What’s next when reform fails?

What do you do when you’ve invested a lot of time and money in an educational reform, and it doesn’t work?

If you’re the Los Angeles school district, and you spent $1.3 billion on iPads and educational software that doesn’t transform student learning, you sue to recoup some of your money.

But what if your failed reform efforts can’t be blamed on specific outside targets?

Last week, for one of my graduate classes, I read about the Duval County (Florida) school system’s efforts to improve student performance with “standards-based reform.” This is old news to anyone in Florida — it happened in the early 2000s. But it was news to me. And depressing.

Between 1999 and 2001, Duval adopted the “America’s Choice” school reform model. District-wide standards were designed identifying what students should “know and be able to do,” and teachers K-12 were trained to understand and use standards, connect student work to standards, develop common expectations and so on. I couldn’t find a price tag, but with 100,000+ students, it must have cost millions to implement.

In the end, a massive evaluation of the program showed thorough implementation and almost no improvement. “Except for elementary reading, analyses of school-level average test performance show little evidence of sustained systemwide impacts on student learning.” Ouch.

If we’re interested in improving our schools, what lesson should we draw from this?

Schools keep looking for someone, some idea, something that will lift student performance. Here in Minnesota, both Minneapolis and St. Paul will have new superintendents this year, and the pressure will be on them to provide systemic reforms.

But maybe this large-scale, systemic reform isn’t really the way to go. Maybe instead we should focus on individual classrooms and what happens there.

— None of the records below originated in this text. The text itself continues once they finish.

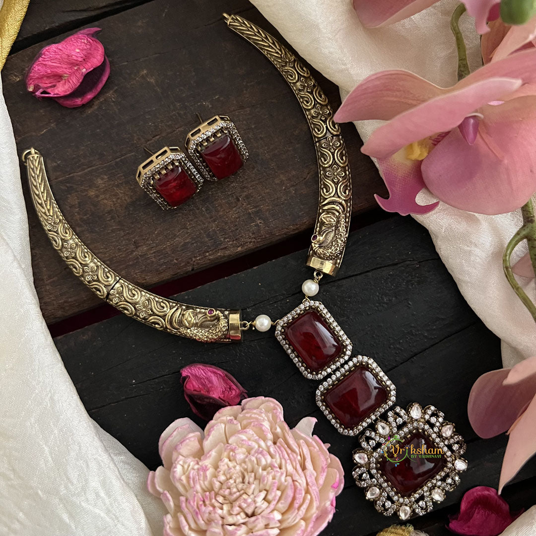 This elegant Unique Maroon Victorian Diamond Pendant Hasli is the perfect addition to your jewelry collection. The intricate Victorian design adorned with sparkling diamonds will add a touch of sophistication and glamour to any outfit. Elevate your style with this one-of-a-kind pendant now. Comes with matching earrings.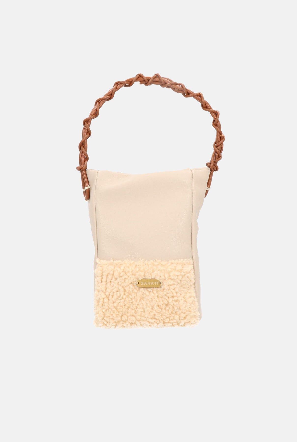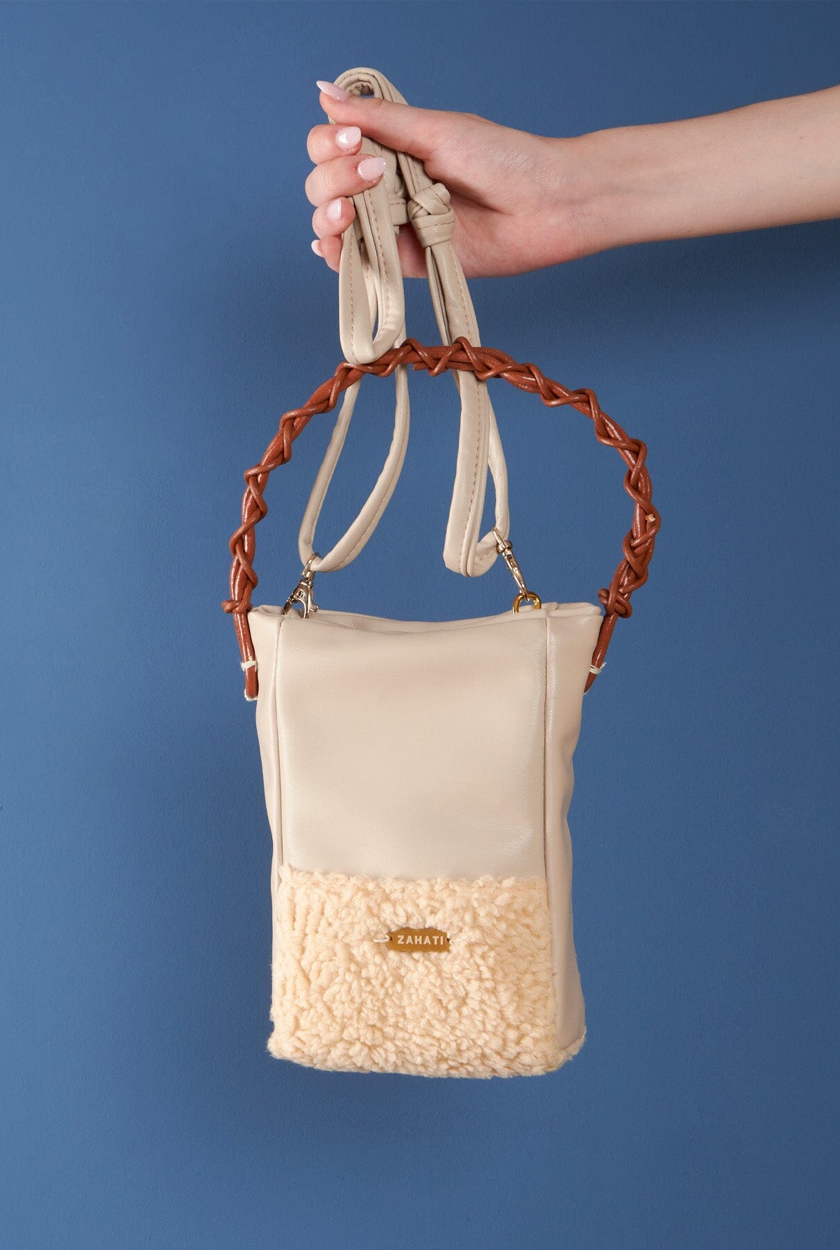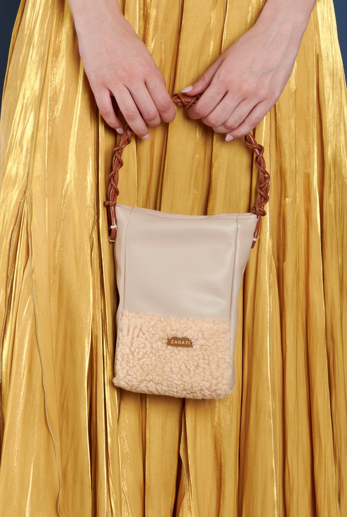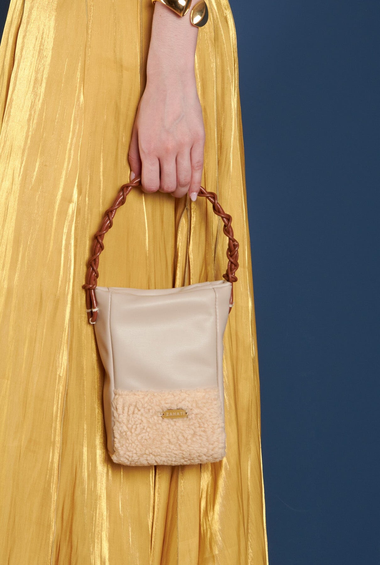 The Mini zig-zag bag is ideal for everyday use. Practical and versatile, it will give that original touch to your autumn winter look. It is created with champagne vegan leather and covered with beige natural sheepskin. The handle is hand braided with leather. Includes an adjustable vegan leather cord.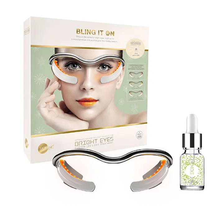 睡眠不足、长时间用眼、荧幕前的蓝光等都会对眼周肌肤造成伤害,导致眼周血液堵塞形成越发严重的“熊猫眼”。Bling It On套组内含Collagen Serum精华(10ml)和Optimizer Voyage Tri-Light™ Glasses——3合1功能型y眼部美容仪,结合美国宇航局的发光二极管灯,可通过照射解决多种皮肤问题,放松双眼并提亮眼周肤色。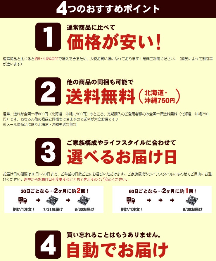 定期購入サービスの商品は、通常商品と比べて5~10%OFFというお得な価格で提供しております。また、定期購入商品と一緒に他の商品を同梱できるほか、送料が全国一律無料(北海道・沖縄は750円)という特典もございます。定期的な注文を忘れる心配もなく、お客様のライフスタイルに合わせた柔軟なサービスが可能です。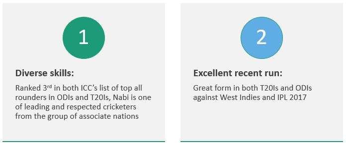 There are very few cricketers other than Nabi who deserve as much credit as him in bringing Afganistan to the centre stage of world cricket. In an event where cricket is celebrated, talent is acclaimed, leadership skills are venerated, Nabi would have proved a great ambassador of the game on the world stage.

According to Gates Foundation MET research, deep learning happens in about 20% of classrooms, no matter what school you study. Maybe we need to focus on what is happening in those classrooms — what those teachers are doing right — and figure out how to expand it to more classrooms.

Or perhaps we should start with the students. We know students flourish in some classrooms and wither in others. Let’s ask them why and use their input to develop better teaching strategies.

We need to stop expecting that some massive new top-down program is going to reduce the achievement gap and boost American public schools’ ranking on PISA exams. There is no magic bullet, but there are success stories in schools everywhere. We need to find them and build on them.